Sheila timidly glanced at the place, while her husband paid the cabman. It was a tall, narrow, dingy-looking house of dark brick, with some black-green ivy at the foot of the walls, and with crimson curtains formally arranged in every one of the windows. If Mrs. Lavender was a rich old lady, why did she live in such a gloomy building? Sheila had seen beautiful white houses in all parts of London; her own house, for example, was ever so much more cheerful than this one, and yet she had heard with awe of the value of this depressing little mansion in Kensington Gore.

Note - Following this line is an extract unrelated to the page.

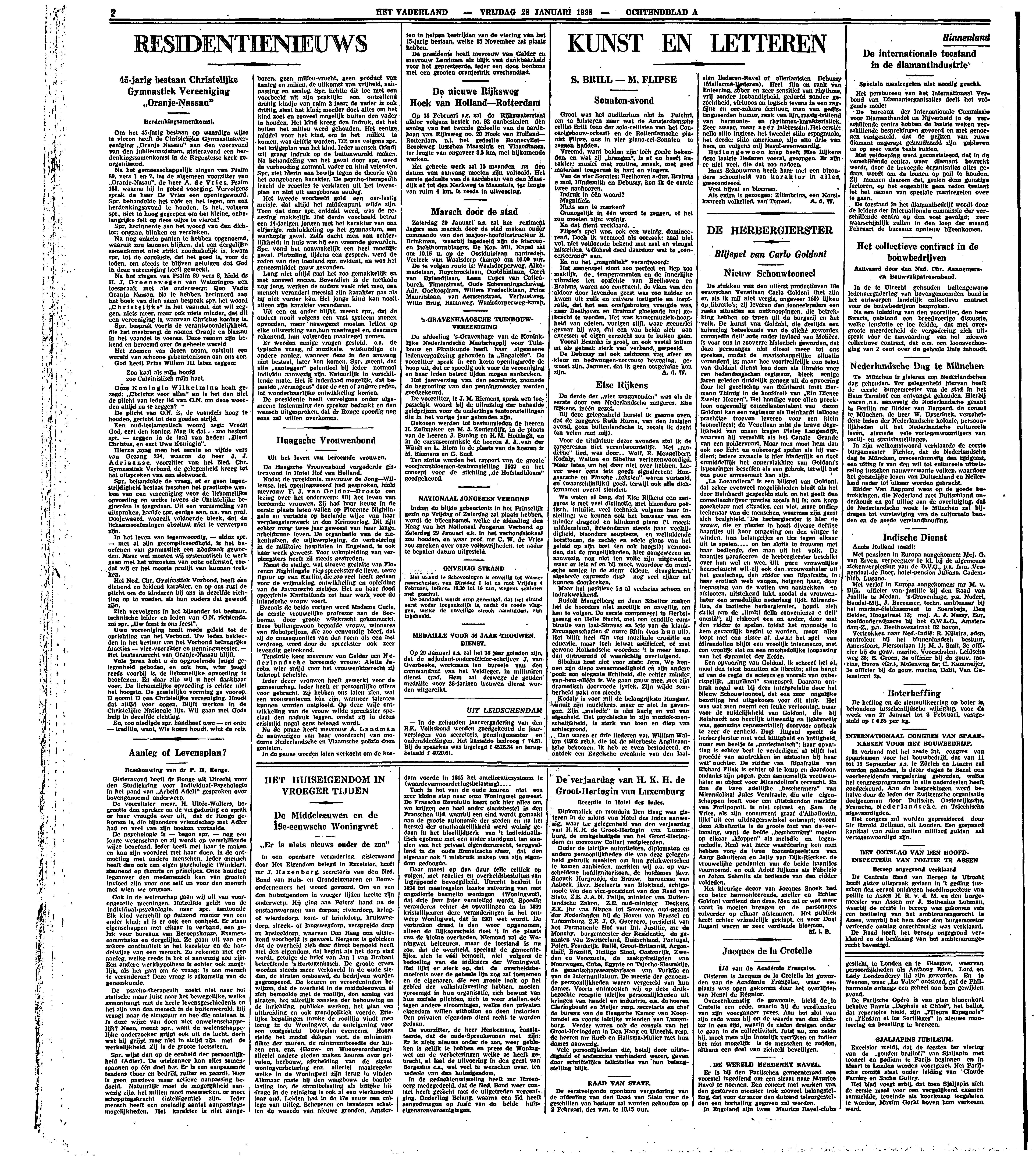 De stukken van den uiterst productieven 18e eeuwschen Venetiaan Carlo Goldoni (het zijn er, als ik mij niet vergis, ongeveer 150) lijken op libretto's; zij leveren den tooneelspelers een reeks situaties en ontknoopingen, die betrekking hebben op typen uit de burgerij en het volk. De kunst van Goldoni, die destijds een zuivering beteekende van de cliché geworden commedia dell' arte onder invloed van Molière, is voor ons in zooverre historisch geworden, dat deze personages niet direct meer tot ons spreken, omdat de maatschappelijke situatie veranderd is; maar hoe voortreffelijk een tekst van Goldoni dienst kan doen als libretto voor een hedendaagschen regisseur, bleek eenige jaren geleden duidelijk genoeg uit de opvoering door het gezelschap van Reinhardt (met Hermann Thimig in de hoofdrol) van ‘Ein Diener Zweier Herren’. Het handige voor allen preektoon ongevoelig comediantentalent van dezen Goldoni kan een regisseur als Reinhardt tallooze prachtige troeven leveren voor een klein tooneelfeest; de Venetiaan mist de brave degelijkheid van onzen tragen Pieter Langendijk, waarvan hij verschilt als het Canale Grande van een poldervaart. Maar men moet hem dan ook zoo licht en onbezorgd spelen als hij verdient; iedere zwaarte is hier hinderlijk en doet onmiddellijk het oppervlakkige van Goldoni's typeeringen beseffen als een gebrek, terwijl het een puur amusement kan zijn.

The door was opened by a man, who showed them upstairs and announced their names. Sheila’s heart beat quickly. She entered the drawing-room with a sort of mist before her eyes, and found herself going forward to a lady who sat at the farther end. She had a strangely vivid impression, amid all her alarm, that this old lady looked like the withered kernel of a nut. Or, was she not like a cockatoo? It was through no anticipation of dislike to Mrs. Lavender that the imagination of the girl got hold of that notion. But the old lady held her head like a cockatoo. What was there, moreover, about the decorations of her head that reminded one of a cockatoo when it puts up its crest and causes its feathers to look like sticks of celery.

“Aunt Caroline, this is my wife.”

“I am glad to see you, dear,” said the old lady, giving her hand, but not rising. “Sit down. When you are a little nervous you ought to sit down. Frank, give me that ammonia from the mantelpiece.”

It was a small glass phial, and labeled “Poison.” She smelt the stopper, and then handed it to Sheila, telling her to do the same.

“Why did your maid do your hair in such a way?” she asked suddenly.

“I haven’t got a maid,” said Sheila, “and I always do my hair so.”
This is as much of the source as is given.